Duckworth, a veteran who lost her legs in the Iraq War, questioned Trump’s selection of Sessions, when the Americans With Disabilities Act already appears to be under attack. “I personally am deeply concerned that at a time when the ADA protections seem to be eroding that we’re nominating someone who has less than a stellar record when it comes to comments made in support of disability rights,” she told The Huffington Post.

Duckworth, who served two terms in the House before winning election to the Senate in November, knows from personal experience how federal law can help individuals succeed.

“The ADA provides the basic protections that allow me to do this job. I mean if it weren’t for the ADA I probably be stuck at home and unable to work,” Duckworth said. “But because the ADA exists, I’m able to have a productive life and be a tax paying citizen.” Everyone, she said, was one bad car crash away from being in need of the ADA.

Duckworth said her concern about Sessions’ nomination stemmed from his 2012 stance against the United Nations Convention on the Rights of Persons with Disabilities. In a 2000 Senate floor speech, recently reported by The Huffington Post, Sessions complained that a law that protected children with disabilities in schools had led to the downfall of the education system.

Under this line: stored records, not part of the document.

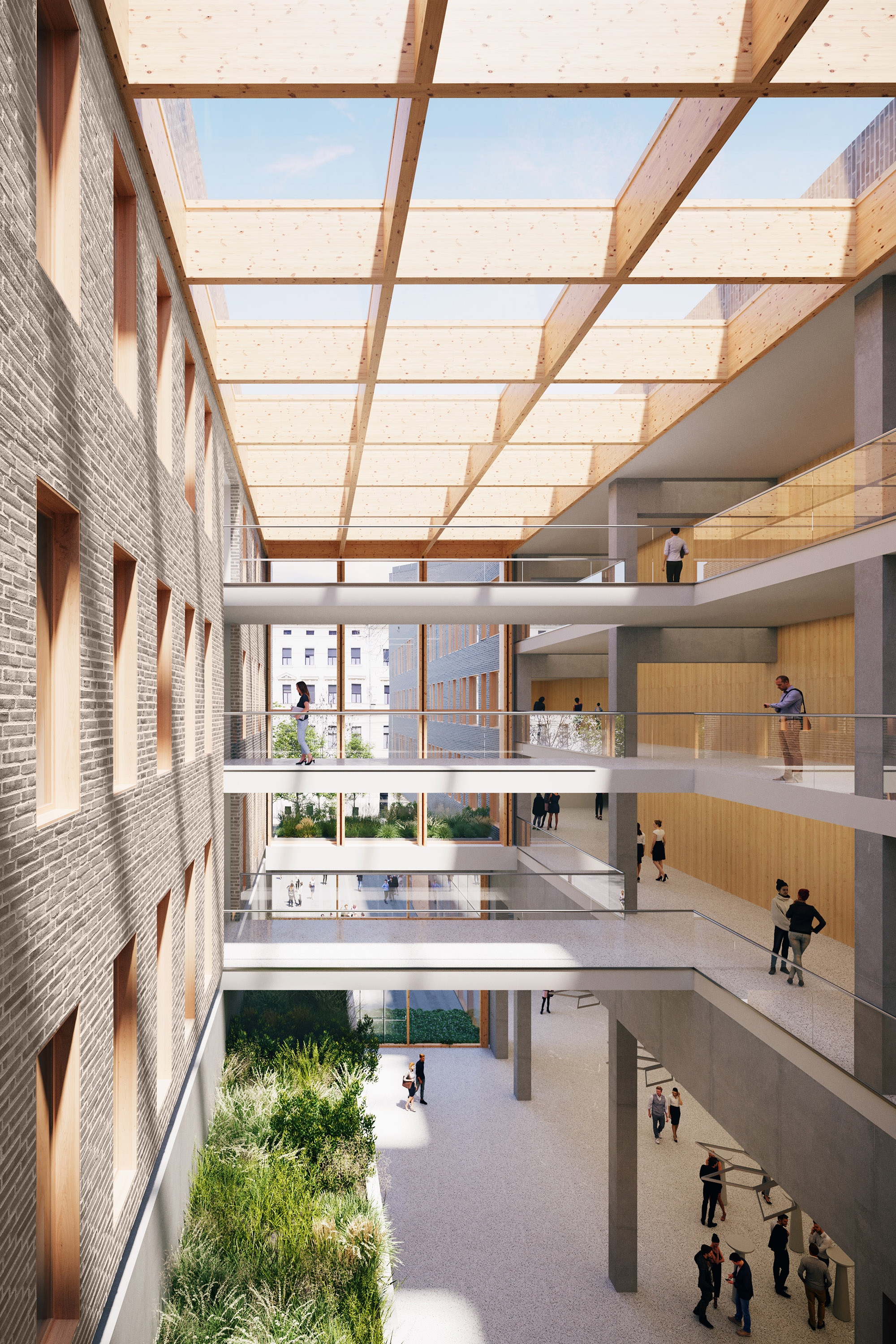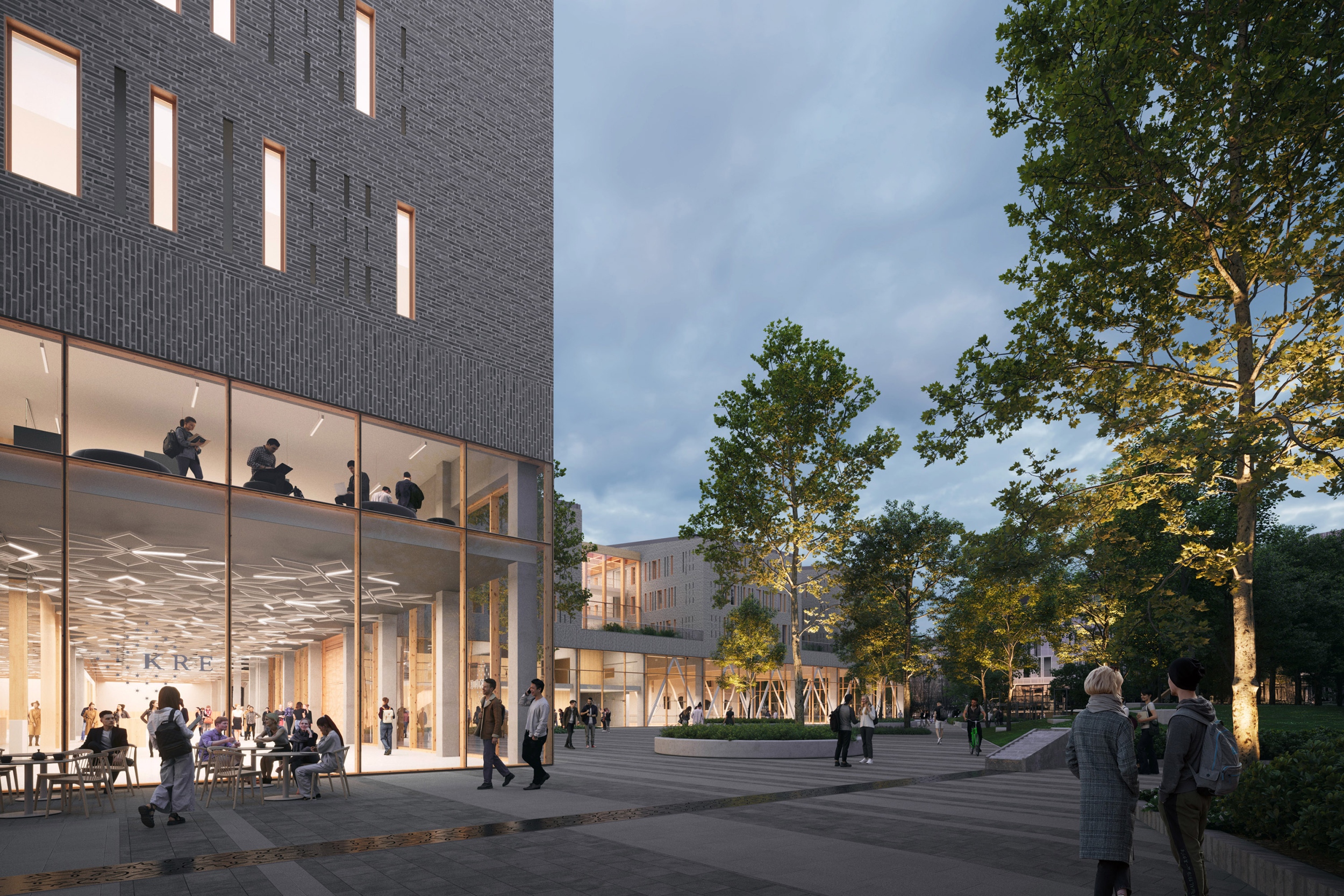 Az ingergazdag egyetemi közeg életre szóló élményeket és emberi kapcsolatokat hoz létre. Ezért a kortárs formálásának elsődleges feladata kiszolgálni a korszerű oktatás és a közösségfejlesztés térigényeit. Tágas és összekapcsolódó közösségi terek, aulák és tetőkertek találkozások helyszínéül szolgálnak. A felnyíló terek mellett azonban szükségesek az oktatást és kutatást segítő védett terek is. A téglatömbökben a koncentrált tanulás tantermei, előadói ismétlődnek, a tájékozódást segítő körbejárható közlekedőkkel, kilátásokkal a külső tér felé. A külső park zöldje a természetesen megvilágított termekből és az összekötő aulákból is folyamatosan látható, emellett a két belső aula zöld szigetei és a tetőkertek javítják a belső tér mikroklímáját, feltöltődést segítő környezet pszichológiai hatással bírnak és nem utolsó sorban a városi hősziget-hatást csökkentik.
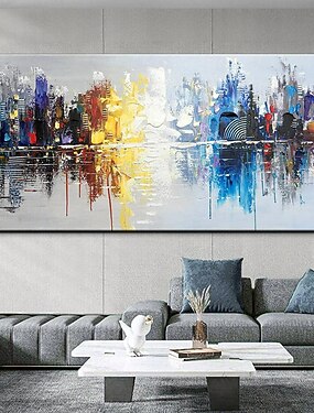 pintura colorida abstrata da cidade pintada à mão em tela paisagem urbana pintura a óleo arte pintada à mão pintura única arte contemporânea para sala de estar decoração de quarto decoração de parede
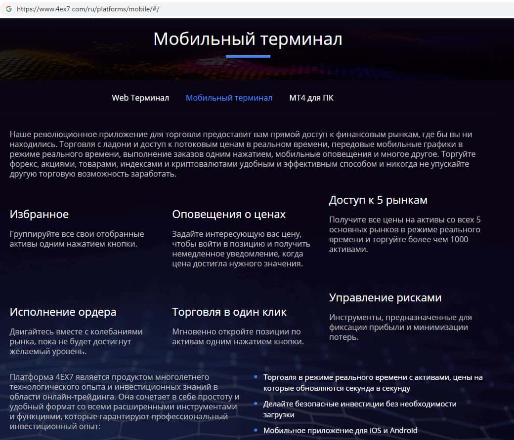 Мошенники 4ИИкс7 предлагают пользователю скачать приложение с торговой платформой сайта на смартфон. На самом деле это делается для того, чтобы подсадить клиента на крючок. Ни в коем случае не скачивайте приложения с торговой платформой 4EX7, потому что это лохотрон и очередной обман !!!
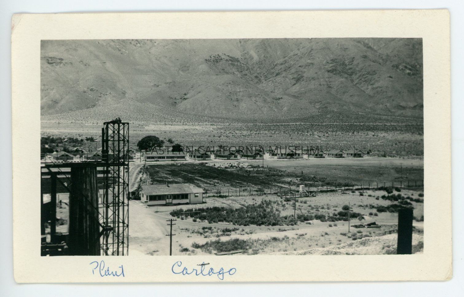 Photo captioned, "Plant, Cartago." It shows a scaffold-like tower on the left side and many buildings (houses?) in the center.

“We have created a complex system of federal regulations and laws that have created lawsuit after lawsuit, special treatment for certain children, and that are big factor in accelerating the decline in civility and discipline in classrooms all over America. I say that very sincerely,” Sessions said at the time.

Sessions, when he was Alabama attorney general in the mid-1990s, fought a lawsuit brought by nearly 30 of the state’s poorest schools. The schools argued they didn’t have the same resources as others in the state, affecting their ability to integrate special-needs students.

“It is troubling to me that we have a nominee who has a record of not supporting basic access for people with disabilities whether they’re adults or children,” Duckworth said.

Duckworth said she hasn’t decided on whether she will support Sessions’ nomination. “I want him to get a fair hearing, but I also want to make it clear that I have some deep reservations about him being nominated.”